=== Problem requirements ===
Each line in the material below, starting at the one with "仙台天文同好会は、仙台市天文" and ending at the one with "Its body is", is to be reproduced exactly; no picture is to be copied.

BEGIN Available records

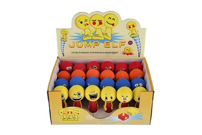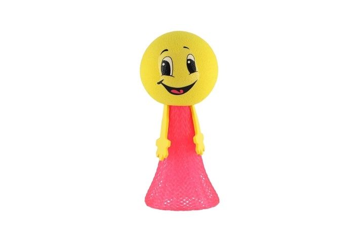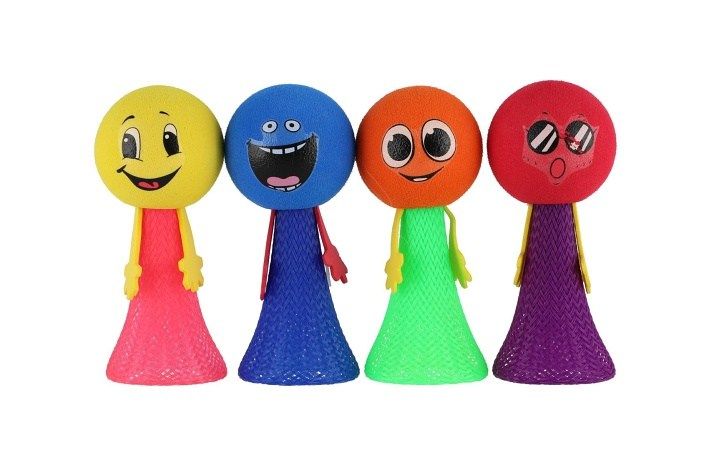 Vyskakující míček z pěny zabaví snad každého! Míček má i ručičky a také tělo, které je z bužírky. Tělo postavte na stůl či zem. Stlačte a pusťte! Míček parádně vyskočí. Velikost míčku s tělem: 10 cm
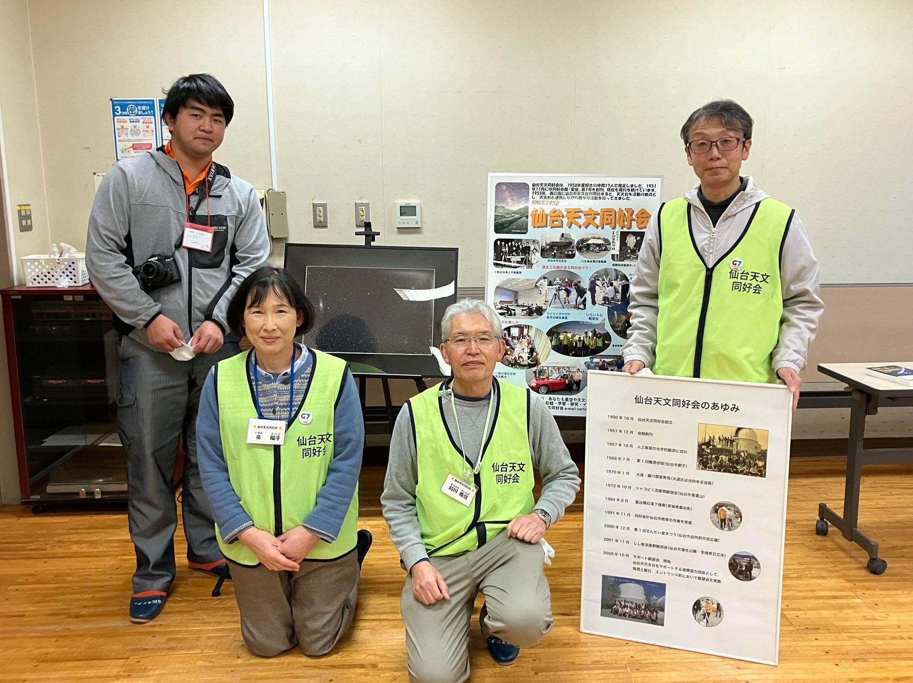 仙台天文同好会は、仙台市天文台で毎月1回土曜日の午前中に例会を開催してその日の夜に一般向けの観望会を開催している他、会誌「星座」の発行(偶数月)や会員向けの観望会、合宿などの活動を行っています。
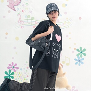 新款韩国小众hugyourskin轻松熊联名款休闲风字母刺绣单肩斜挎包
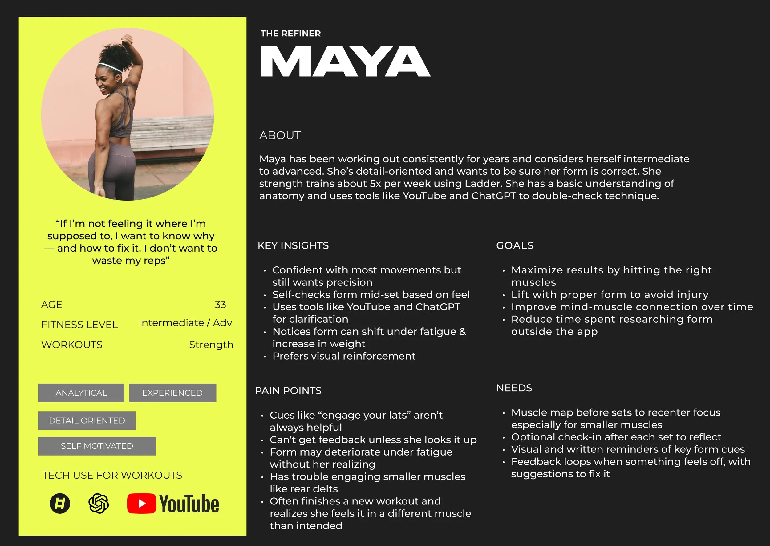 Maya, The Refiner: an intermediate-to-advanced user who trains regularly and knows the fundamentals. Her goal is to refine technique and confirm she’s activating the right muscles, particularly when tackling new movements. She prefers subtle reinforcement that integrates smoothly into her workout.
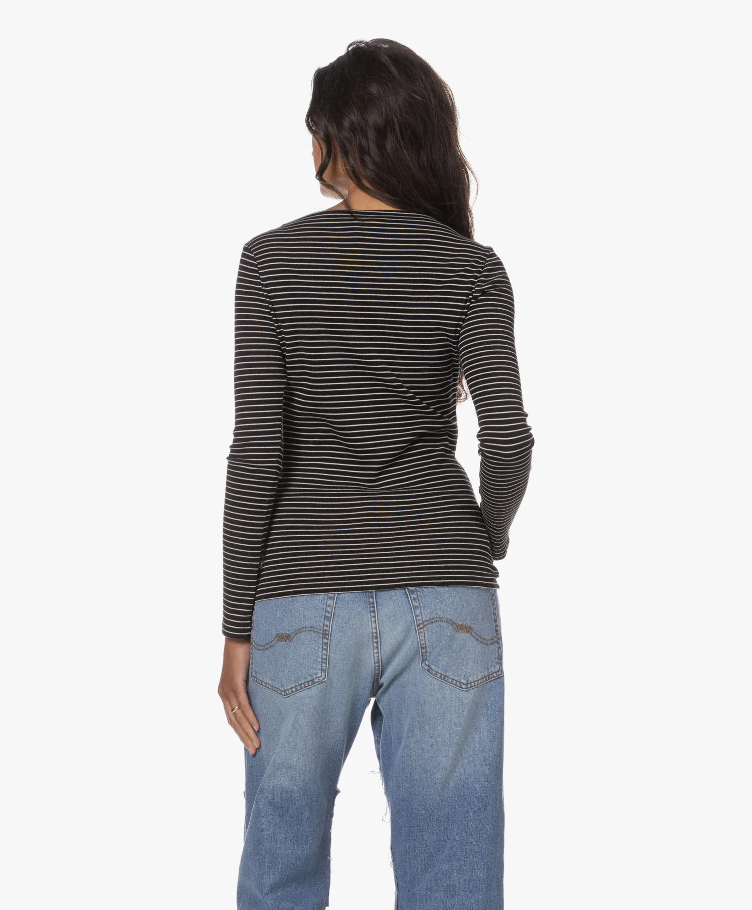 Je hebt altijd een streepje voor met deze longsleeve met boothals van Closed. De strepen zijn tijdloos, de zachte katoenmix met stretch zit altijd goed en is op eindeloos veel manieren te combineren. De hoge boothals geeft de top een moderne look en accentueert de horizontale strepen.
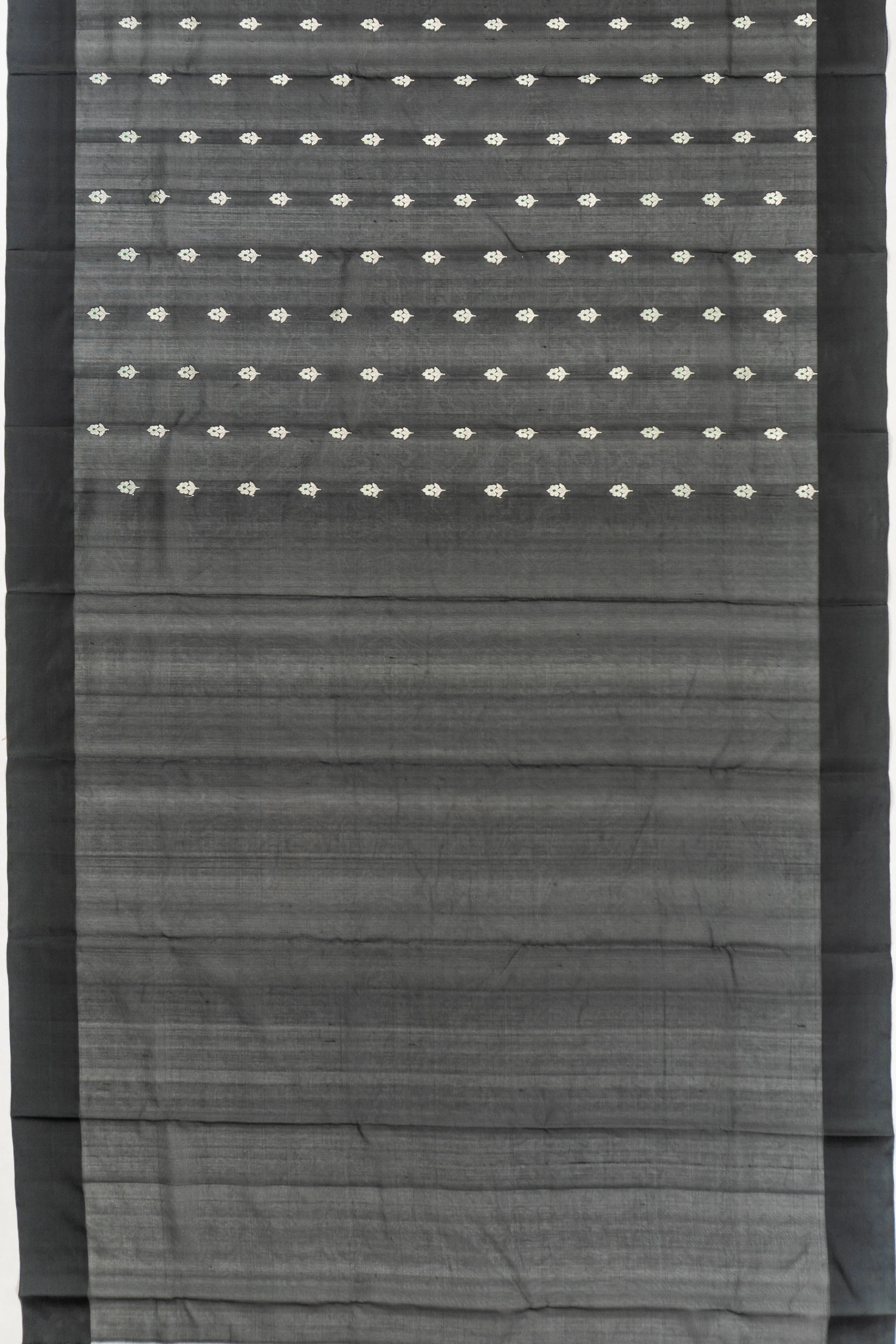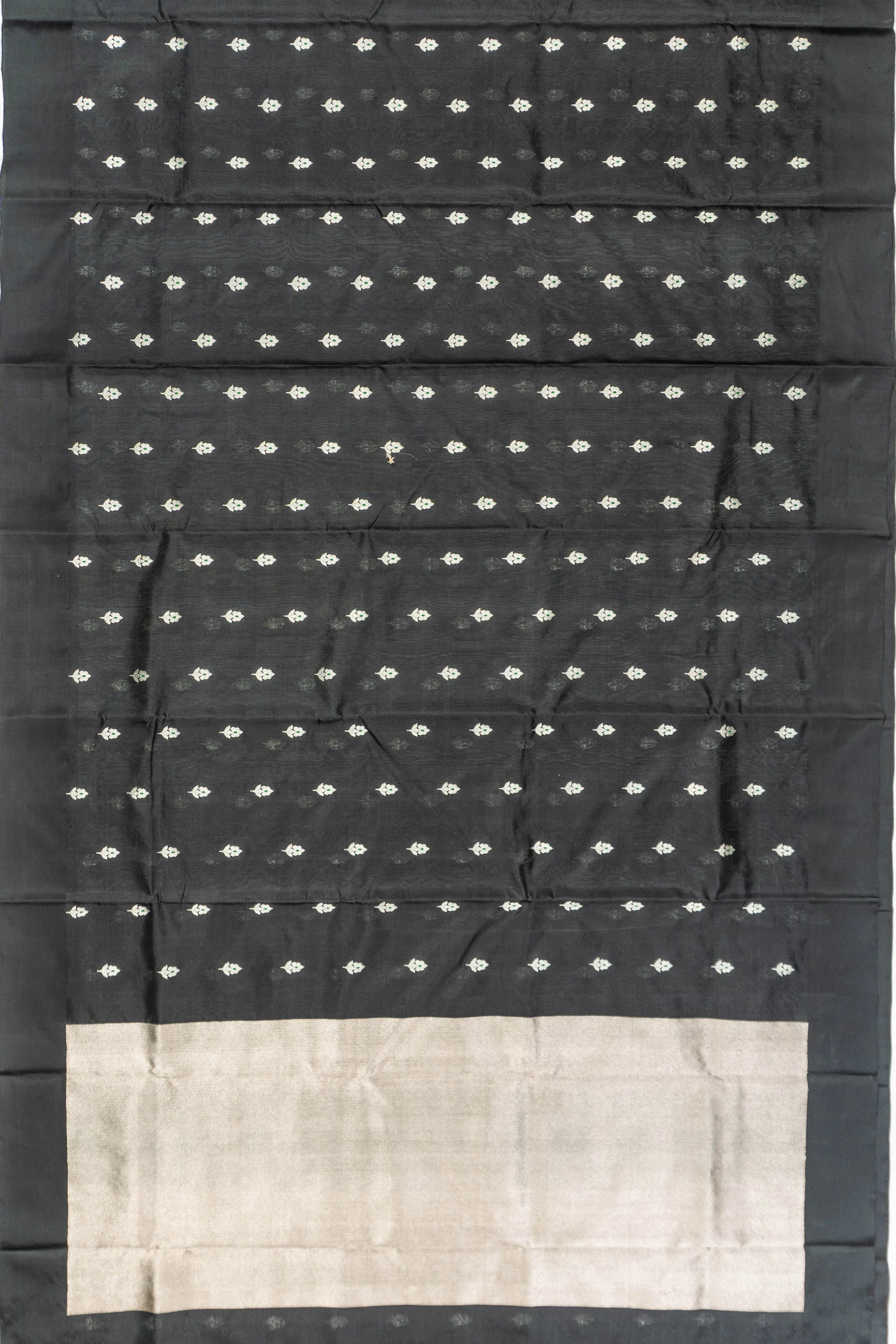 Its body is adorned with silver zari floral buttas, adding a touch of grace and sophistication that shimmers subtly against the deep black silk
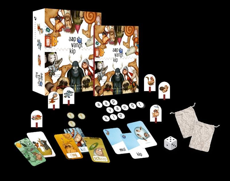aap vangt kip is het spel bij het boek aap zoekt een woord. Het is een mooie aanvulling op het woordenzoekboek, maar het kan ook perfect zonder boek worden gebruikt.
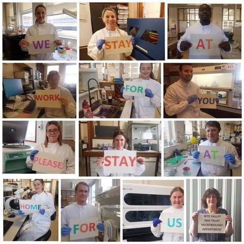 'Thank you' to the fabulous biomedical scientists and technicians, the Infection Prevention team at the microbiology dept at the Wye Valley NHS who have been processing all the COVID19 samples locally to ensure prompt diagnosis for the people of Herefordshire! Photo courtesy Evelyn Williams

END Available records

=== Result below ===
 仙台天文同好会は、仙台市天文台で毎月1回土曜日の午前中に例会を開催してその日の夜に一般向けの観望会を開催している他、会誌「星座」の発行(偶数月)や会員向けの観望会、合宿などの活動を行っています。
 新款韩国小众hugyourskin轻松熊联名款休闲风字母刺绣单肩斜挎包
 Maya, The Refiner: an intermediate-to-advanced user who trains regularly and knows the fundamentals. Her goal is to refine technique and confirm she’s activating the right muscles, particularly when tackling new movements. She prefers subtle reinforcement that integrates smoothly into her workout.
 Je hebt altijd een streepje voor met deze longsleeve met boothals van Closed. De strepen zijn tijdloos, de zachte katoenmix met stretch zit altijd goed en is op eindeloos veel manieren te combineren. De hoge boothals geeft de top een moderne look en accentueert de horizontale strepen.
 Its body is adorned with silver zari floral buttas, adding a touch of grace and sophistication that shimmers subtly against the deep black silk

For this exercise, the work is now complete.